While the band's then frontwoman Lacey Sturm prominently sings, her unclean vocals are frequent throughout the album. Lyrically, the album deals with topics such as Christianity, love and death. Flyleaf received mixed reviews from music critics. It debuted at No. 88 on the Billboard 200, selling more than 13,000 copies within its first week. Due to the band's growing exposure to fame in 2007, it eventually reached its peak of No. 57 on the week of September 17, 2007, and spent more than 133 weeks on the chart. It also topped the Billboard Christian Albums chart, and has since become the ninth best-selling Christian album of the 2000s. It has sold more than 1 million copies to date, and was certified Platinum by the Recording Industry Association of America (RIAA).

Background 
The album was released October 4, 2005. On October 30, 2007, the band re-released this album repackaged as a CD/DVD Special Edition version. The Special Edition re-release has the same tracks as the original release, with the addition of acoustic versions of "Cassie", "Fully Alive", "I'm So Sick", "All Around Me", and "Red Sam" (which is the only acoustic song not released as a single). The DVD has exclusive interviews with Flyleaf and music videos of "All Around Me", "I'm So Sick" and "Fully Alive". The re-release also came packaged with a free ringtone of "All Around Me" and a "locker" poster. The album was re-released January 14, 2008, in the UK on Polydor Records but with only three additional acoustic tracks.

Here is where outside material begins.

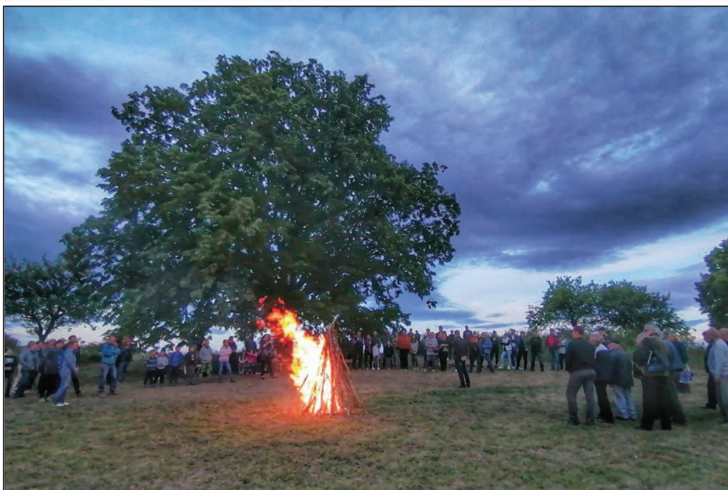
A trianoni diktátum tragédiájának 100. évfordulóján a hársfánál, őrizve a tüzet

SZOKOLYA POLGÁRAINAK LAPJA Ingyenes példány XXIV. évf. 3. szám - 2020.

When A&M Records teamed with Octone Records, the album was re-printed to show the new joint-venture label arrangement. This re-printed version had "Fully Alive" at a length of 2:34, replacing the original 2:48 version, and a different back cover artwork.

The single "Cassie" was written in honor of Cassie Bernall, who was killed in the Columbine High School massacre in 1999.

Commercial performance 
Flyleaf sold over 13,000 copies of the Special Edition CD/DVD in the first week. They jumped 59 spots on the Billboard Top 200 chart up to No. 62. In the second week of sales for the Special Edition CD/DVD, Flyleaf sold over 10,100 copies. To date, it has sold over 1,000,000 copies in the U.S. certifying it as platinum.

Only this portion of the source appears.